Weezy has raised a total of £19.2m in funding, with £15m of that coming in January this year. In March it expanded to Bristol, adding to its operations in London, Brighton and Manchester.

However, there were signs that Weezy was struggling financially. It reported revenue of £161,400 against losses of £676,000 in 2020 – despite the boom in home deliveries during the Covid-19 pandemic.

And last week Weezy closed five of its dark stores in an attempt to stem losses, despite its co-founders telling UKTN in March that it planned to open more than 40 UK sites by the end of 2021.

Kristof Van Beveren, CEO and co-founder of Weezy, said: “We are incredibly excited to continue our journey in disrupting the skyrocketing ultrafast grocery market. Getir has an unparalleled track record of achievements and experience with an equally ambitious team.”

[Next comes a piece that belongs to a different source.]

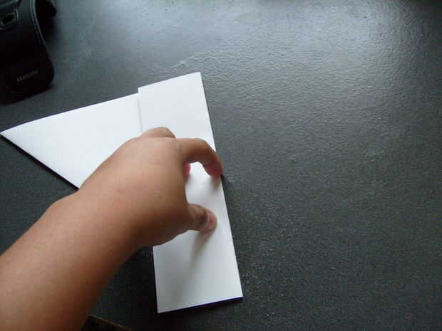 Doblar el rectángulo en el triángulo y el rectángulo entero hasta el triángulo como en la imagen 2 veces. Luego doblar en la parte posterior. Doblar 10 veces o más para hacer un fácil maduro.
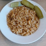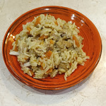Когда мясо обжарится, засыпаем рис (я брала длинный, пропаренный), даем ему немножко пропитаться маслом (буквально минуты 3). НЕ МЕШАТЬ!

The rapid grocery delivery market has attracted large amounts of investor cash that has effectively subsidised discounted or free delivery for consumers.

Analysts have warned that the number of companies offering rapid delivery is unsustainable given the majority run at a loss.

Last month Berlin-based rival Gorillas raised nearly $1bn in a sign that investors still have an appetite for the rapid grocery delivery market.